Infiltrating gliomas are often difficult to distinguish from normal brain, leading to incomplete resections. Current strategies that label tumor cells suffer from inhomogeneous distribution within tumors, limited blood-brain barrier penetration, and other signal/noise and FDA approval limitations. Ji and colleagues recently reported a novel imaging technique using simulated Raman scattering (SRS) microscopy to differentiate healthy brain tissue from tumor-infiltrated brain tissue based on histoarchitectural and biochemical differences.1
SRS microscopy images biological tissues based on intrinsic components such as lipids, proteins, and DNA (Figures 1A and 1B). Different Raman spectra are seen in various brain regions due to macromolecule composition. The differential ratio of Raman signals at 2930 and 2845 cm−1 (S2930/S2845) reflects the different lipid and protein concentrations of brain regions. Highly cellular regions/solid tumors had a mean intensity ratio of S2930/S2845 = 4.0 ± 0.3, whereas normal cortex had a mean ratio of 1.6 ± 0.1, and white matter had a ratio of 0.93 ± 0.04 (Figure 1C). The authors used SRS microscopy to detect normal tissue architecture of the brain areas like the hippocampal cornus ammonis 1 (CA1) region. Unlike dye-based technologies, SRS microscopy is a label-free technique. Furthermore, SRS microscopy has 3-D capabilities, making it ideal for immediate intraoperative imaging and potentially supplanting tissue sections for neuropathologic analysis. The authors showed that 2-color SRS microscopy can detect gliomas in an ex vivo GBM xenograft mouse model. Results obtained from this technique correlated with H&E findings commonly used for GBM diagnoses.
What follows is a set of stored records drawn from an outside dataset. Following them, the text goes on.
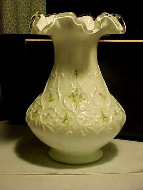 Title (ebay affiliate link): Vintage 7 3/4" Fenton Milk Glass Hand Ptd Violets In The Snow Spanish Lace Vase
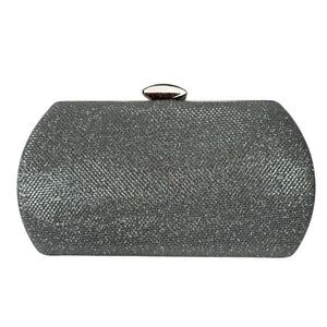 Silver Tone Metal Hardware Frame Glitter Fabric Clutch Evening Bag B72Q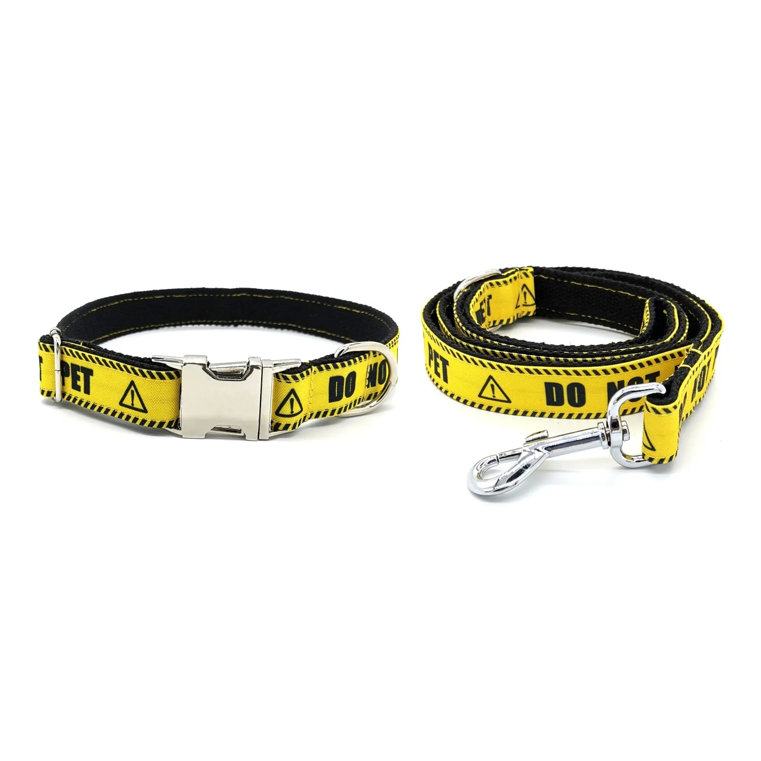 Персонализированный ошейник для домашних животных, предупреждающий знак, идентификационная бирка для щенков и кошек, регулируемое имя под заказ, красный, желтый, не для домашних животных, базовые ошейники для собак, набор поводков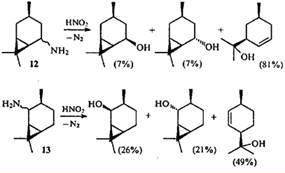 В данном случае перегруппировка Вагнера-Меервейна, протекающая как алкильный сдвиг, не приводит к изменению карановой структуры. Однако алкильный сдвиг возможен лишь потому, что в образующемся вторичном ионе 16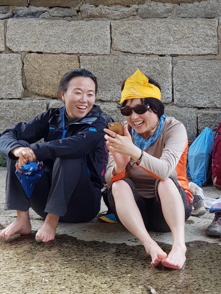 테이핑을 안 했다고 하니, 아무런 거리낌 없이 테이핑도 손수 해주고... 먼저 간 일행은 구간구간마다 연락하며... 응원해 주고, 빠른 걸음임에도 처음 참가하는 이를 위해 발맞추어주고, 처음 밤새 길을 걸어서인지?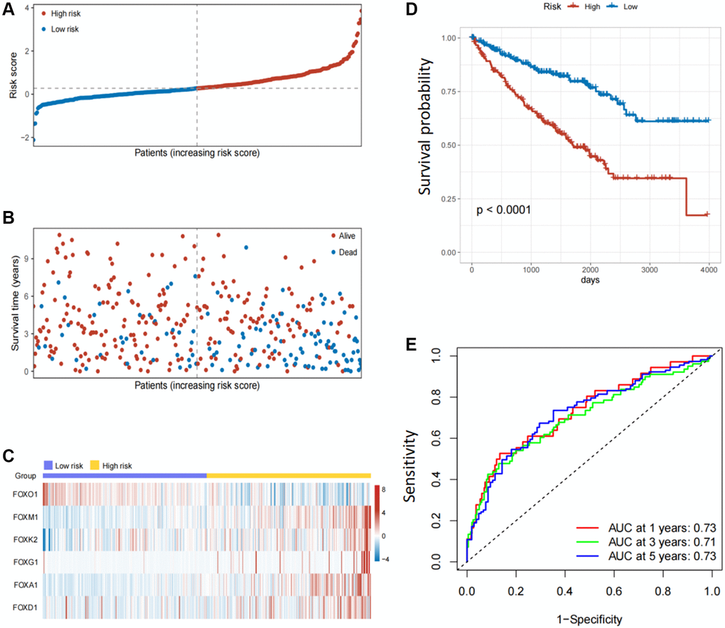 LASSO regression analysis was conducted to screen for FOX family genes that were significantly associated with KIRC patient prognosis. Minimum partial likelihood deviance was used to determine the optimal lambda value. The model was trained using 10-fold cross-validation in the training cohort (Figure 1C, 1D). As a result, we developed a prognostic model based on six FOX family genes namely, FOXO1, FOXM1, FOXK2, FOXG1, FOXA1, and FOXD1. Multivariate Cox proportional hazards regression analysis was used to calculate the Cox coefficients for the six FOX family genes. Risk scores were calculated based on the coefficients and expression levels of six FOX family genes: risk score = (−0.5478 × FOXO1) + (0.4943 × FOXM1) + (0.3012 × FOXK2) + (0.3691 × FOXG1) + (0.6456 × FOXA1) + (0.066 × FOXD1). In the training cohort, each patient's risk score was calculated. The patients were divided into high- and low-risk groups based on their median risk scores (Figure 2A). Figure 2B depicts the patients’ survival status and survival duration in the high-risk and low-risk groups. The expression profiles of the six FOX family genes in the training cohort are shown in Figure 2C. There was a lower mortality rate and better survival among patients in the low-risk group (Figure 2D). To evaluate the accuracy of this prognostic model, ROC curves for 1-, 3-, and 5-year OS were constructed. The AUC values of this model for predicting 1-, 3-, and 5-year OS were 0.73, 0.71, and 0.73, respectively (Figure 2E).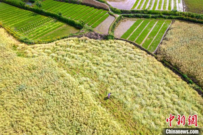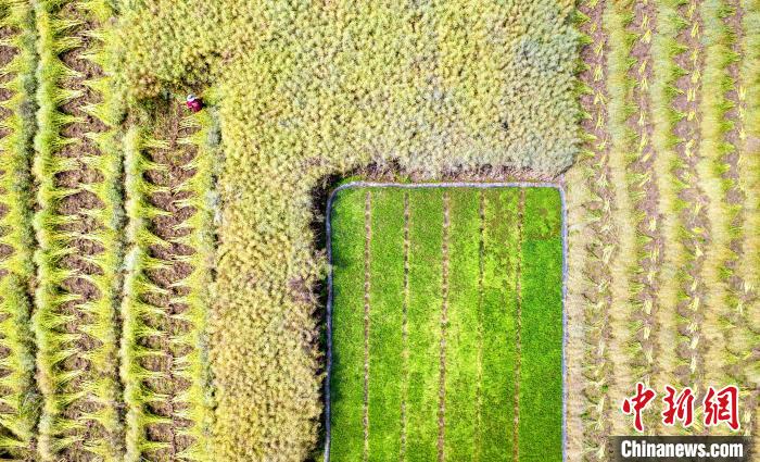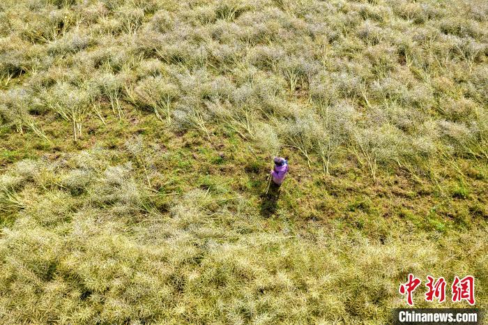 图为农民在贵州省黔西市洪水镇田间收割油菜籽(无人机照片)。史开心 摄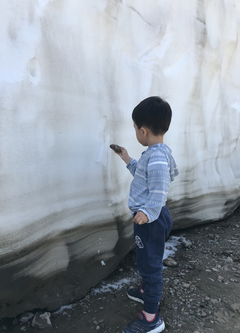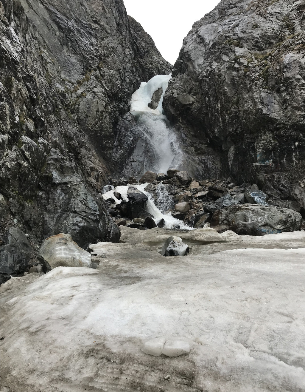 路边发现一处冰瀑,感觉倾流而下的水,是瞬间成冰的,远看还是流水的样子,走近才发现是冰,在这样的夏天,冰面冻得结结实实,也不知道什么时间冰雪才会消融,或许是7、8月,不过这冰面的厚度,即便消融也只是短暂的数日,多数时间这里依然还是冰雪的世界。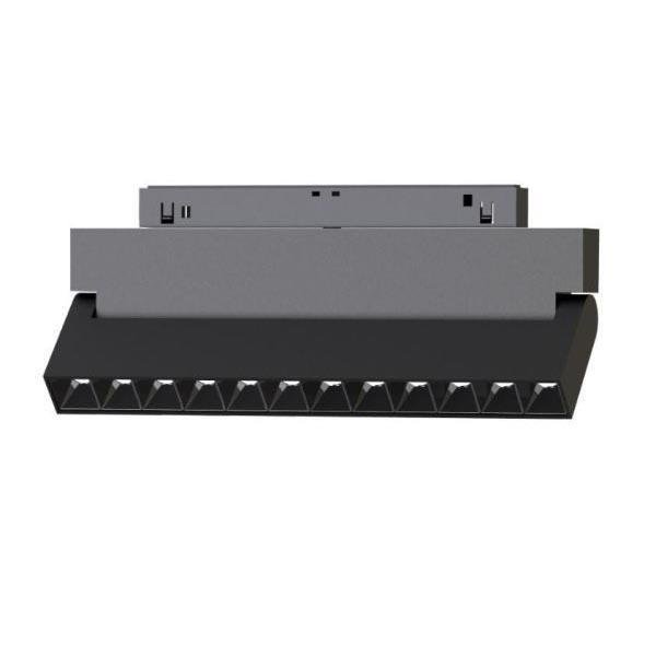 Светильник для магнитных треков MAG-ORIENT шириной 26 мм с управлением DALI. Мощность 12 Вт, св. поток 520 лм, 43 лм/Вт, теплый 3000 K, CRI>90, угол 30°, напряжение питания 48 В. Черный прямоугольный корпус из металл, экран поликарбонат, степень защиты IP20. Размер: длина 231 мм, ширина 23 мм, высота 107 мм. Монтаж на трек MAG-ORIENT. Пульсация <1%.

The greatest advantage of SRS microscopy is its ability to detect tumor margins that appear normal under standard bright-field conditions. Coronal brain sections of human GBM xenografts were imaged with SRS and H&E microscopy for comparison. Compared to H&E diagnosis given by 3 different neuropathologists, SRS microscopy was 98.7% accurate (74/75) in diagnosing normal tissues, 98.7% accurate (74/75) in diagnosing infiltrating gliomas, and 100% (75/75) accurate in diagnosing high-density gliomas. The authors also tested feasibility of in vivo SRS microscopy. GBM xenografts in mice were exposed using a cranial window for SRS imaging. Although tumor was not grossly visible on the brain surface, SRS microscopy successfully detected tumor (Figure 2) that was later verified with H&E stained sections acquired from a coronal plane perpendicular to the imaging plane. SRS microscopy was also validated with fresh human GBM specimens and corresponded with H&E analysis.
SRS microscopy cannot provide all the current architectural, genetic, and biochemical data available from tissue sectioning, but potentially permits real-time discrimination of glioma boundaries and normal brain, limited to only 100 μm of spatial resolution. Furthermore, SRS microscopy image quality is affected by respiratory and cardiac cycles. Future advances in applying this technology, such as via intraoperative handheld SRS microscopy, may permit intraoperative rapid detection of residual tumor at resection edges, thereby maximizing safe surgical resection and improving glioma patient outcomes.
1. Ji M, Orringer DA, Freudiger CW, et al.. Rapid, label-free detection of brain tumors with stimulated Raman scattering microscopy. Sci Transl Med. 2013;5(201):201ra119.